The experiment involved giving adult male rats one flavor associated with low-calorie food (saccharin) and another for healthy options like sugar or glucose syrup, respectively, over two weeks.

During this time, it became apparent how much preference these creatures had developed even before starting the training.


Weight Gain and Obesity

Dieters often use artificial sweeteners to cut calories. But studies have shown that these artificial sugars can actually cause you to gain weight, not maintain or lose it!

There is a lot of evidence that suggests artificial sweeteners can promote weight gain and obesity.

The San Antonio Heart Study studied more than 5,000 adults for seven to eight years. They found that people who drink both sugar-sweetened and diet sodas were at risk of gaining weight.

However,  people drinking only diet beverages were at more risk of being obese.

The problem is that artificially sweetened food could trigger weight gain if you don't limit your intake.


Affect Gut Health

Artificial sweeteners have been shown to affect the normal gut microbiota. Studies show that artificial sugars, such as saccharin and Splenda, can alter your microbes in a significant way.

Depending on which type, they do this by altering their numbers or activity levels.

These findings also suggest that altering gut microbiota is linked with different health problems like diabetes and obesity.

But more research needs do before drawing conclusions.


Headaches and Migraines

As to whether artificial sweeteners trigger migraines is still up for debate.

A 2017 research review published in Nutrition Journal found no significant link between noncaloric sweeteners and headaches. But it also cannot say for certain if there is a link.

However, some people have a few case reports linking aspartame with migraines. Aspartame is a possible trigger for migraines.

It's been shown to affect sufferers and should be avoided at all costs if you suffer from these debilitating headaches. MayoClinic also lists aspartame as a possible cause of headaches and migraines.

In 2006, a patient was reported to experience migraines that were constantly triggered by sucralose in the Journal of Head and Face Pain. After much research into this unusual case.

The medical community has become more aware of how artificial sweeteners can trigger headaches in recent years.
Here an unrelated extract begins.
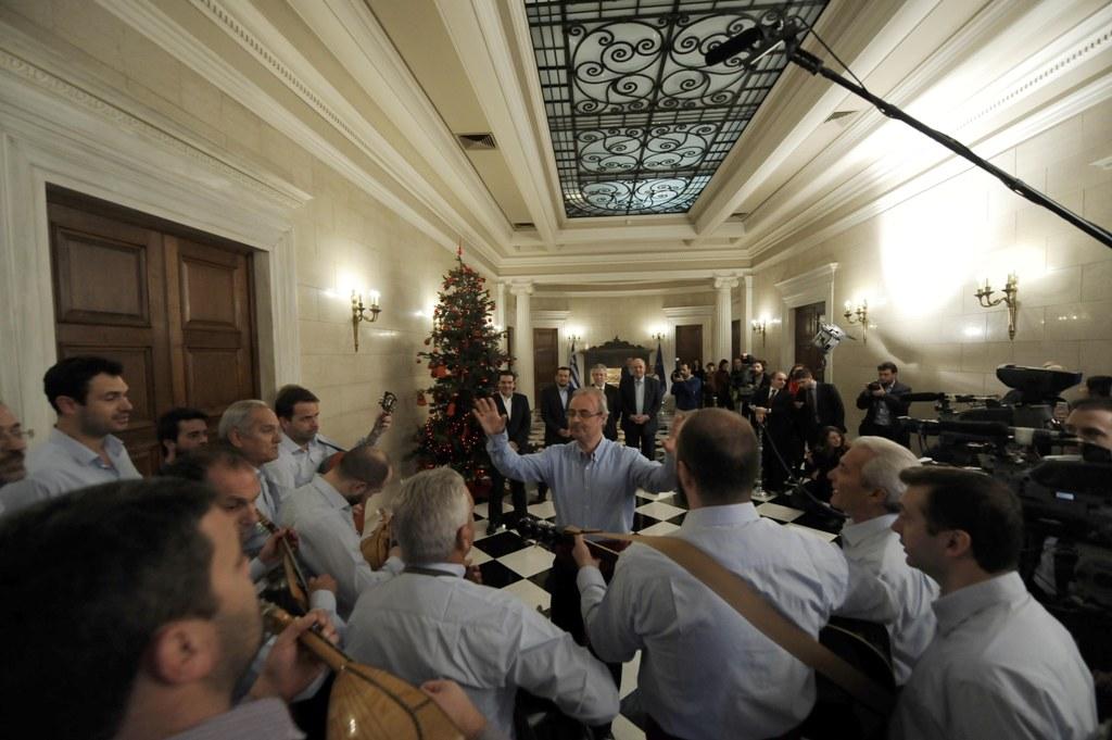 Πρώτοι οι «Τραγουδιστάδες τση Ζάκυθος» επισκέφθηκαν με μαντολίνα, κιθάρες και λαούτα τον πρωθυπουργό Αλέξη Τσίπρα για να ψάλλουν τα πρωτοχρονιάτικα «Ζακυνθινά κάλαντα», την παραμονή της Πρωτοχρονιάς.

But it is important to consult a doctor if you experience these symptoms, as they can occur due to other things like low blood sugar or dehydration.


Does Aspartame Cause Cancer?

There is a lot of concern about whether artificial sweeteners cause cancer. Most of this worry surrounds aspartame, one of the most commonly used sugar substitutes in the world.

But to date, there is no substantial scientific evidence that shows any link between artificial sweeteners and cancer. Italian researchers found that aspartame could trigger blood-related cancers, such as leukemia.

However, FDA and the European Food Safety Authority (EFSA) refuted these claims.

EFSA completed the research in 2013 and found no link between artificial sweeteners and lymphoma, leukemia, and other blood cancers. The government agency concluded that "Aspartame and its breakdown products are safe for human consumption at current levels of exposure."


Artificial Sweeteners Are Not for Everyone

Artificial sweeteners are not for everyone. Some people find that they make them feel sick or give them headaches or migraines.

If you experience any adverse effects after consuming artificial sweeteners, stop using them and consult your doctor.

People who find artificial sweeteners helpful can be an excellent way to cut calories if consumed in moderation.

They will not help everyone, and they aren't meant for long-term weight loss purposes.

Artificial sweeteners should only be used as a tool for short-term weight management or where you need an option other than sugar during meal times.